Around 14,000 small and micro businesses will be reaching their staging dates this month (June), with tens of thousands due to hit their own staging dates over the next two years, according to the Pensions Regulator.

More than five million employees have already been placed into workplace pensions.

Eventually as many as 1.3million employers will have automatically enrolled up to 10 million eligible workers into a workplace pension scheme.

So far, the scheme has been hailed as a success, with around nine in 10 people who have been put into a pension choosing to stay in it. Employees have the right to opt out of the scheme but they must be enrolled into it before they can do so.

By the time they reach their staging date, an employer should have everything in place and be ready to enrol their staff into their automatic enrolment pension scheme.

Employers persistently ignoring their auto-enrolment duties could ultimately face fines.

Research released today by NOW: Pensions revealed that some 27 per cent or 350,000 small businesses are at risk of getting slapped with penalties because they haven’t yet given any thought to finding a pension provider.

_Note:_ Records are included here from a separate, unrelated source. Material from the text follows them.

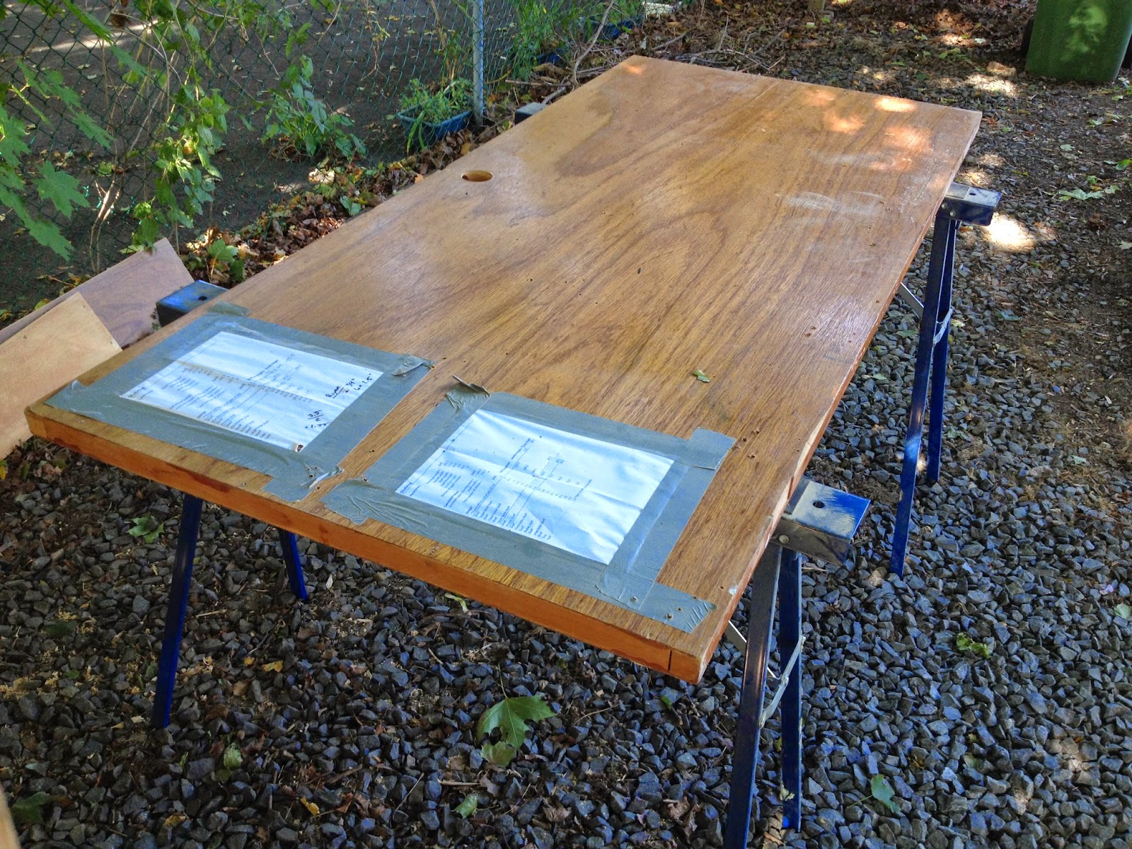 Another of the doors turned into my work bench, taped to it are the shelf spacing's: the bottom shelf needed to accommodate textbooks, the second some old wicker baskets I was using for storage, the third the stereo receiver and Xbox, and the fourth the printer. The remaining space was divided into equal parts for general use, I got lucky and it turns out my 'equal parts' are just the right height to accommodate most novels; naturally all of this was done in Excel - <3 Excel.
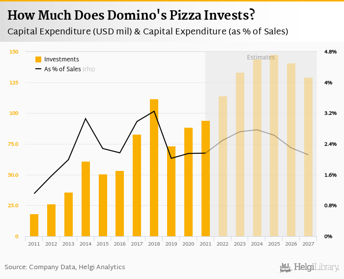 Domino's Pizza invested a total of USD 94.2 mil in 2021, up 6.28% compared to the previous year. Historically, between 2011 - 2021, the company's investments stood at a high of USD 112 mil in 2018 and a low of USD 18.3 mil in 2011.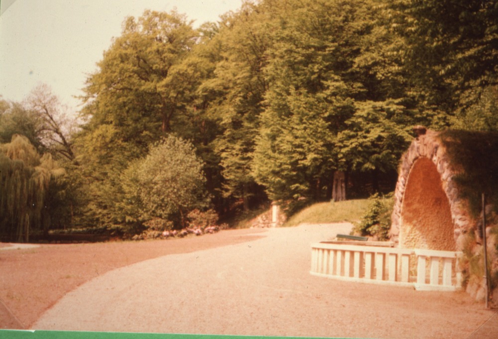 Bilden föreställer en stor öpen yta med gångbana och brun gräsmatta. I bakgrunden träd. Till höger murat valv över vattenkälla, alkaliska källan, med staket framför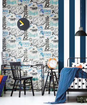 Šedá vliesová tapeta na zeď, graffiti v bílé, černé a modré.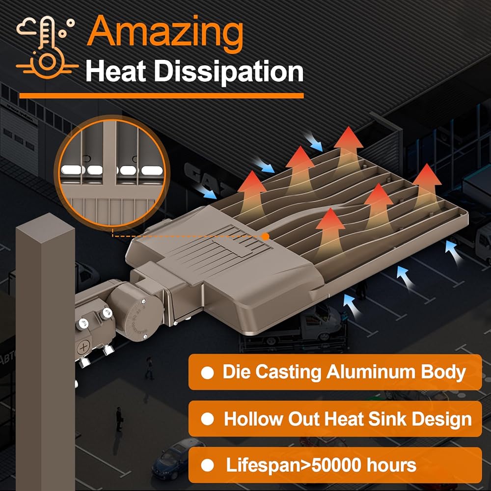 تركيبات من الدرجة التجارية: مدخل تيار متردد 100-277 فولت. تستخدم مصابيح صندوق الأحذية LED التجارية ألومنيومًا متينًا من الدرجة الصناعية للجسم والمحركات القوية. يتميز المصباح بتبديد حرارة ممتاز لضمان 50,000 ساعة من التشغيل على المدى الطويل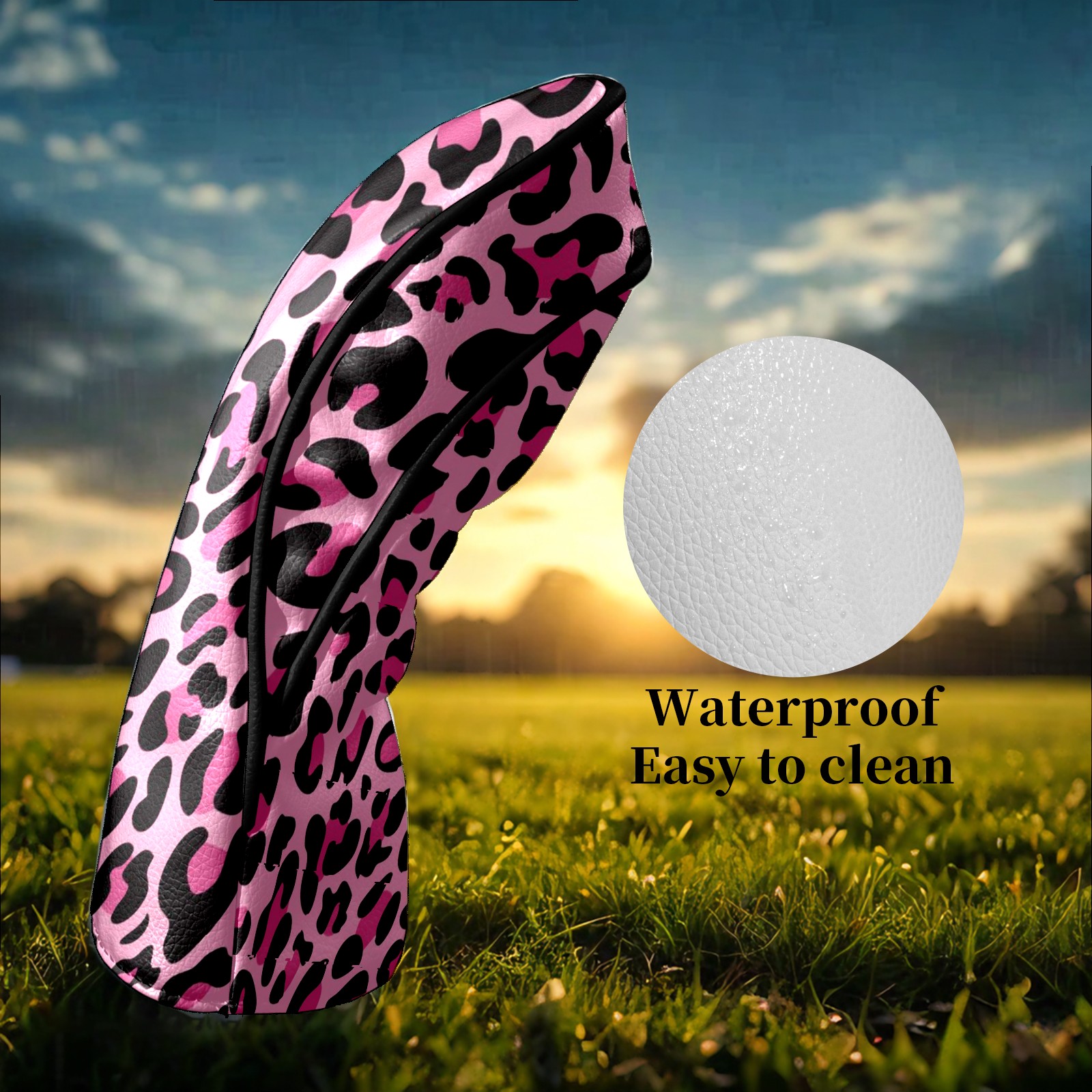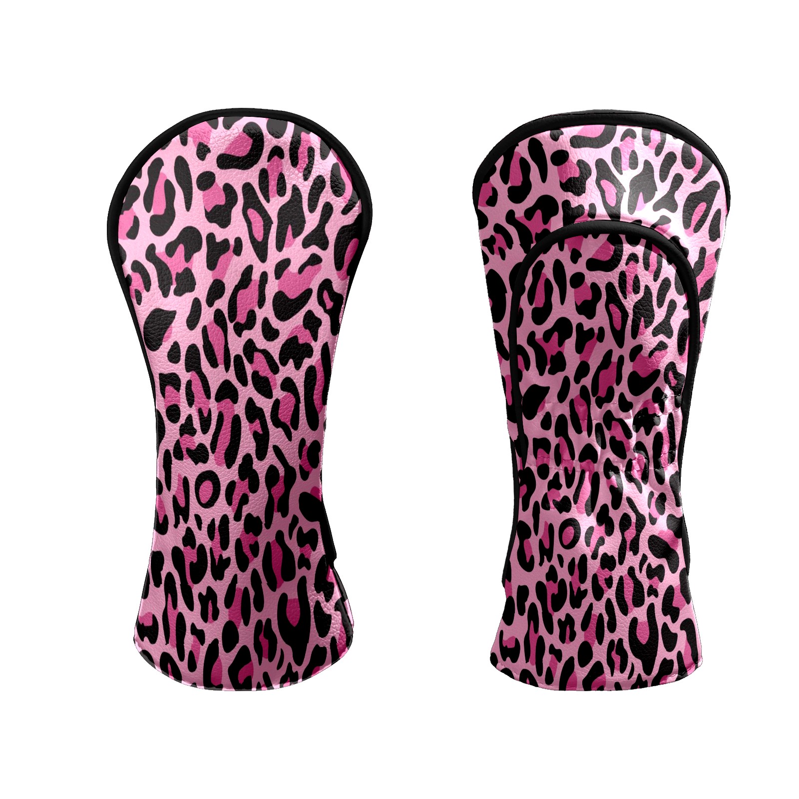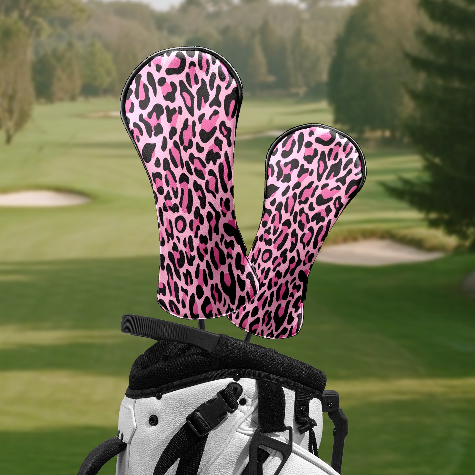 Golf Head Covers for Woods and Driver Waterproof Leather Golf Club Head Covers for Women Men Golf Driver Fairway Wood Headcover Pink Black Leopard Print

However, this was an encouraging improvement on the 44 per cent who admitted they were unprepared last year.

The Pensions Regulator said that so far, escalating penalties have only been used on a handful of occasions. It said that it does not want to fine businesses and it wants to work with employers to help them meet their duties.

At present, employers must contribute one per cent of an employee’s qualifying earnings, but from October 2017 this will increase to two per cent and from October 2018 it will increase again, to three per cent.